Cornell Cinema will host Yiddish film and theater scholar and ethnomusicologist Rita Ottens on Saturday, March 26, at 7:30 p.m. in Willard Straight Theatre, where she will introduce the classic Yiddish film "A Letter to Mother."
This tale of family disintegration and poverty serves as a metaphor for the displacements facing European Jews in 1939. One of the last Yiddish films made in Poland before the Nazi invasion, the film tells the story of a mother's persistent efforts to support her family. While her husband lives in America, Dobrish struggles to care for her three children in pre-World War I Polish Ukraine. After her family is pulled apart by severe poverty and the turmoil of war, Dobrish and her family make their way to New York and turn to the Hebrew Immigrant Aid Society (HIAS) in search of a brighter future.

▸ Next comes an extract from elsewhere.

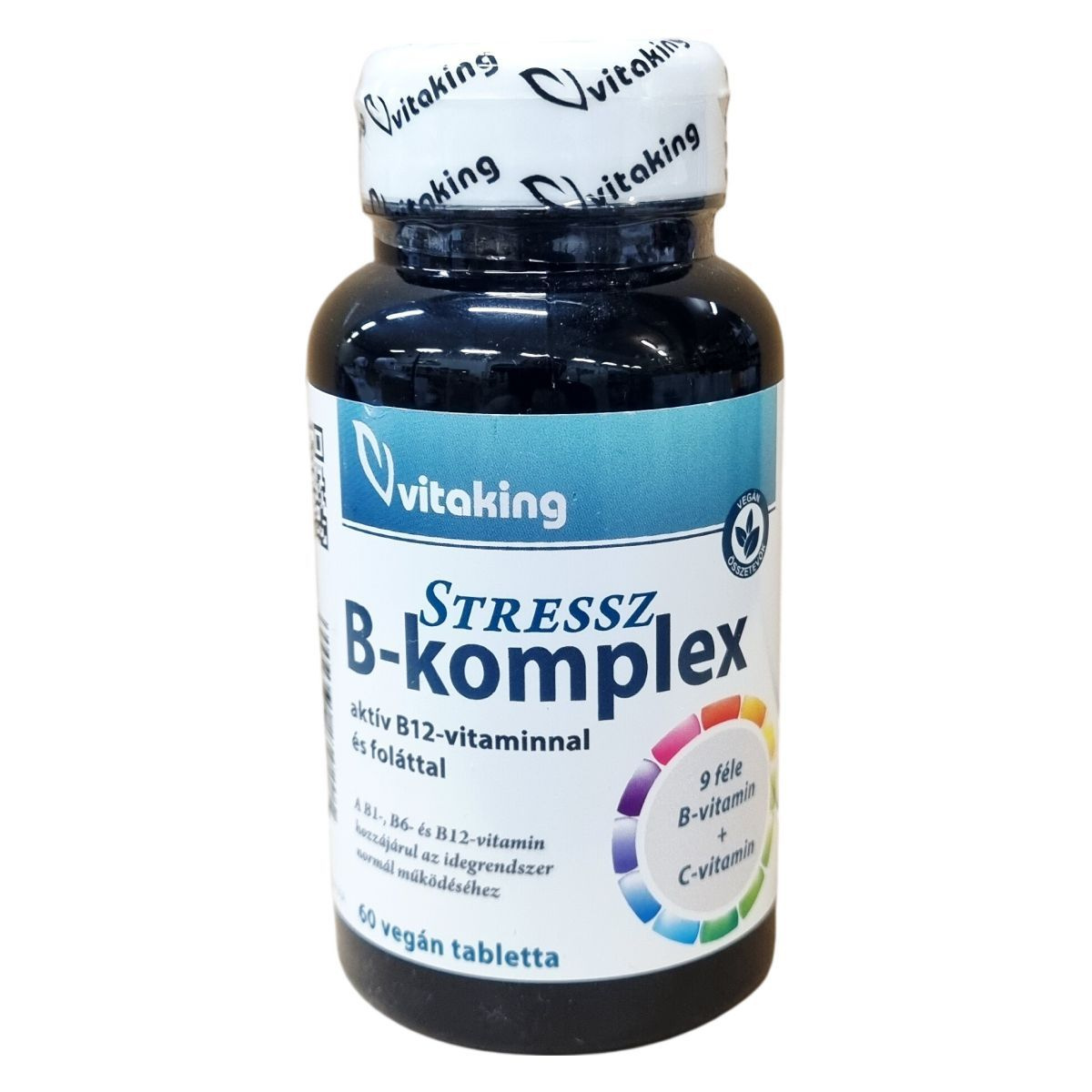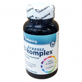 A Stressz B-komplex étrend-kiegészítő kilencféle B-vitamint és C-vitamint tartalmaz, amelyek hozzájárulhatnak az idegrendszer normál működéséhez, a pszichológiai funkciók fenntartásához, valamint a fáradtság és kifáradás csökkentéséhez. A termék metilkobalamint, kalcium-L-metil-folátot és biotint is tartalmaz, amelyek kulcsfontosságúak lehetnek a test megfelelő működéséhez. Vegán tabletta formájában kapható, amely napi egy tabletta bevételével ajánlott beépíteni az étrendbe. A készítmény összetevői között szerepelnek olyan anyagok is, mint az aszkorbinsav, tiamin-mononitrát, riboflavin és para-aminobenzoesav, valamint különféle tömegnövelő, stabilizáló, csomósodást gátló és színező anyagok. A terméket száraz, hűvös és fénytől védett helyen kell tárolni, gyermekektől elzárva. Az étrend-kiegészítő nem helyettesíti a változatos étrendet és az egészséges életmódot.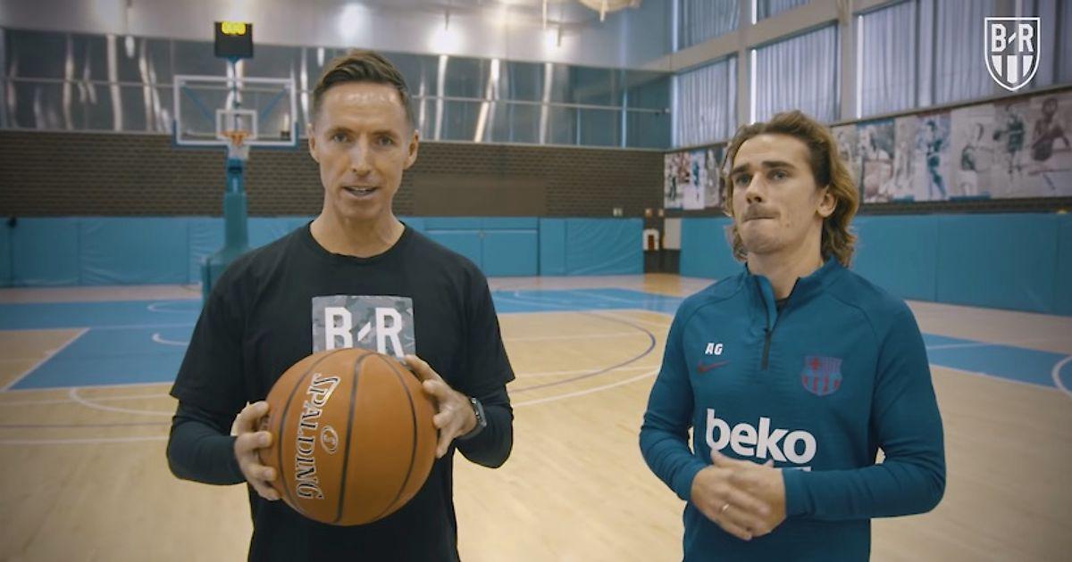 Легенда НБА Стив Нэш заглянул на базу «Барселоны» и сыграл в баскетбол с Антуаном Гризманном. Играли в Burro («козел» или -5): 1-й игрок бросает с любой позиции, 2-й должен повторить. Если не справляется, ему добавляется буква.

Released on Sept. 14, 1939, two weeks after the German blitzkrieg over Poland, this film opened to packed audiences at the Belmont Theater in New York. Hailed by The New York Times as one of the best Yiddish films to reach America, "A Letter to Mother" was the highest-grossing Yiddish film of its time. "The film has great music and singing and a great performance by Lucy Gehrman as the quintessential Jewish mother," said Ottens.
The film is in Yiddish with English subtitles. The event is co-sponsored with the Program of Jewish Studies, Temple Beth-El, Cornell Hillel and Congregation Tikkun v'Or.